The security issues involved in protecting clouds from outside threats are similar to those already facing large datacenters, except that responsibility is divided between the cloud user and the cloud operator. The cloud user is responsible for application-level security. The cloud provider is responsible for physical security, and likely for enforcing external firewall policies. Security for intermediate layers of the software stack is a shared between the user and the operator; the lower the level of abstraction exposed to the user, the more responsibility goes with it. Amazon EC2 users have more responsibility for their security than do Azure users, who in turn have more responsibilities than AppEngine customers. This user responsibility, in turn, can be outsourced to third parties who sell specialty security services. The homogeneity and standardized interfaces of platforms like EC2 makes it possible for a company to offer, say, configuration management or firewall rule analysis as value-added services. Outsourced IT is familiar in the enterprise world; there is nothing intrinsicaly infeasible about trusting third parties with essential corporate infrastructure.

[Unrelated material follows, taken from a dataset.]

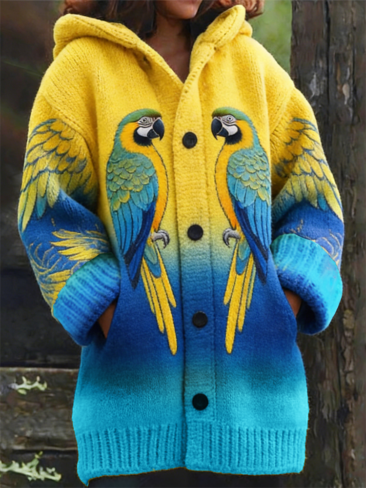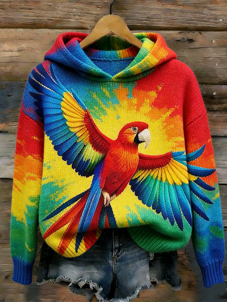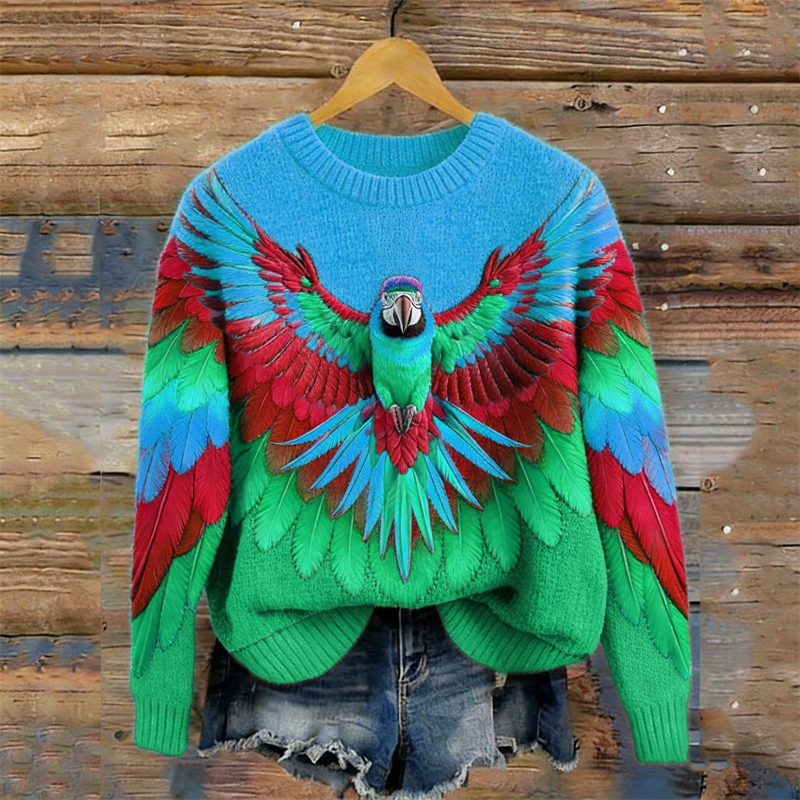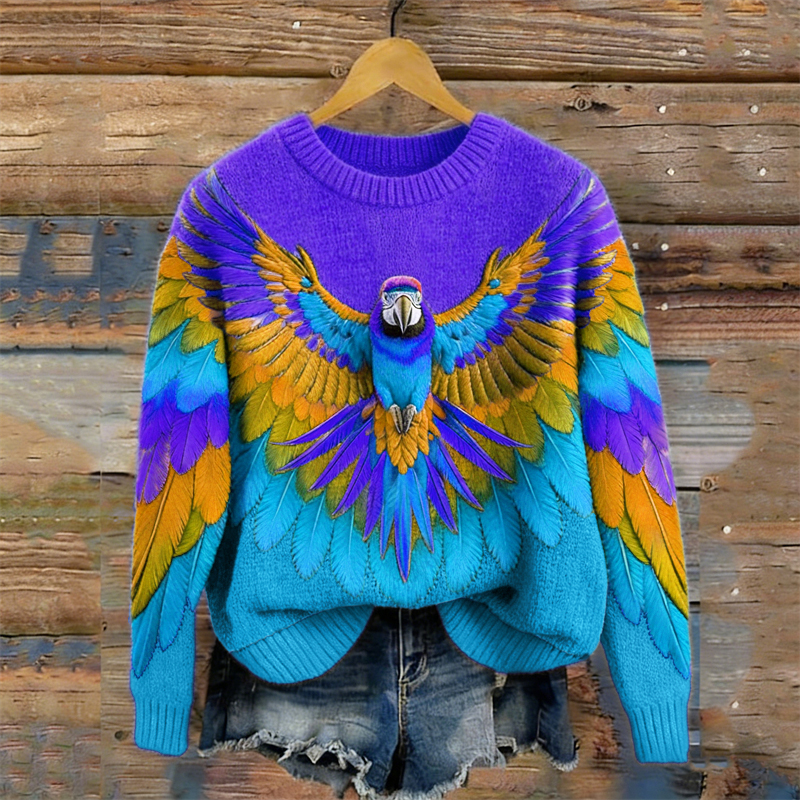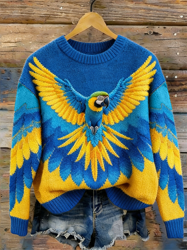 Colorful Macaw Parrot Inspired Contrast Cozy Knit Sweater

While cloud computing may make external-facing security easier, it does pose the new problem of internal-facing security. Cloud providers need to guard against theft or denial of service attacks by users. Users need to be protected against one another.

The primary security mechanism in today's clouds is virtualization. This is a powerful defense, and protects against most attempts by users to attack one another or the underlying cloud infrastructure. However, not all resources are virtualized and not all virtualizion environments are bug-free. Virtualization software has been known to contain bugs that allow virtualized code to "break loose" to some extent. [1] Incorrect network virtualization may allow user code access to sensitive portions of the provider's infrastructure, or to the resources of other users. These challenges, though, are similar to those involved in mangaging large non-cloud datacenters, where different applications need to be protected from one another. Any large internet service will need to ensure that one buggy service doesn't take down the entire datacenter, or that a single security hole doesn't compromise everything else.

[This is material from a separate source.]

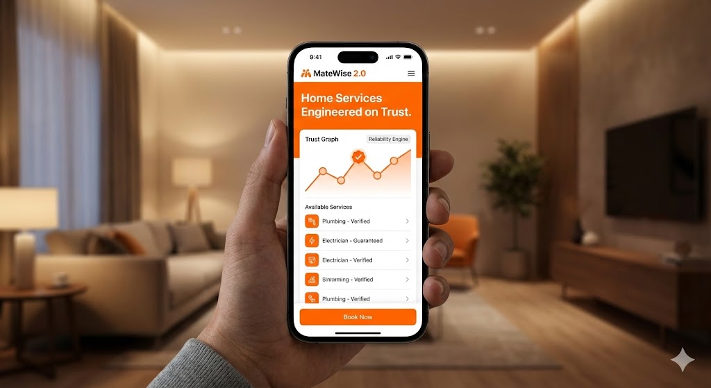 MateWise 2.0 is an AI-powered marketplace transforming the home service industry in the UK. We replace manual uncertainty with a proprietary Trust Graph and Reliability Engine for guaranteed outcomes.

One last security concern is protecting the cloud user against the provider. The provider will by definition control the "bottom layer" of the software stack, which effectively circumvents most known security techniques. Absent radical changes in security technology, we expect that users will use contracts and courts, rather than clever security engineering, to guard against provider malfeasence. The one important exception is the risk of inadvertent data loss. It's hard to imagine Amazon spying on the contents of virtual machine memory; it's easy to imagine a hard disk being disposed of without being wiped, or a permissions bug making data visible improperly.

There's an obvious defense, namely user-level encryption of storage. This is already common for high-value data outside the cloud, and both tools and expertise are readily available. The catch is that key management is still challenging: users would need to be careful that the keys are never stored on permanent storage or handled improperly. Providers could make this simpler by exposing APIs for things like curtained memory or security sensive storage that should never be paged out.

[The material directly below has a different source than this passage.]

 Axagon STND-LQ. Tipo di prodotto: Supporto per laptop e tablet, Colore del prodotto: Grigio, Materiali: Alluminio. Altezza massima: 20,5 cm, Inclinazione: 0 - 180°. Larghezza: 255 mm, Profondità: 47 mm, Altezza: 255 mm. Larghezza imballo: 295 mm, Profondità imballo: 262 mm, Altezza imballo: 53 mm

[1] Indeed, even correct VM environments can allow the virtualized software to "escape" in the presence of hardware errors. See Sudhakar Govindavajhala and Andrew W. Appel, Using Memory Errors to Attack a Virtual Machine. 2003 IEEE Symposium on Security and Privacy, pp. 154-165, May 2003.

Monday, April 20, 2009

Cloud computing, law enforcement and business continuity

In our Above The Clouds white paper, we identified various obstacles to the growth of Cloud Computing including data conﬁdentiality and auditability as well as business continuity in the event of an outage at the cloud vendor.

Recently, a colocation facility owned by Core IP Networks LLC was raided by the FBI and the entire datacenter was shut down. "Millions of dollars' worth" of computers, many owned by other companies colocated in the datacenter that had no connection to the companies being investigated by the FBI, were confiscated and those sites went offline. Some of the companies subsequently went out of business. Spreading one's cloud application over multiple physical datacenters may protect against natural disasters, but if those datacenters are all operated by a single provider or in a single jurisdiction, customers might still be exposed to other business continuity disruptions such as this one.

Core IP Networks' CEO, Matthew Simpson, posted a letter to inform customers of the situation as well as to voice concern over the unfairness of the FBI's operation to many of the innocent "bystander" customers who suffered service outages as a result. His letter concludes: "If you run a datacenter, please be aware that in our great country, the FBI can come into your place of business at any time and take whatever they want, with no reason." Indeed, noted technologist and technology blogger James Urquhart wonders whether the U.S. legal system will be a hindrance to cloud computing adoption.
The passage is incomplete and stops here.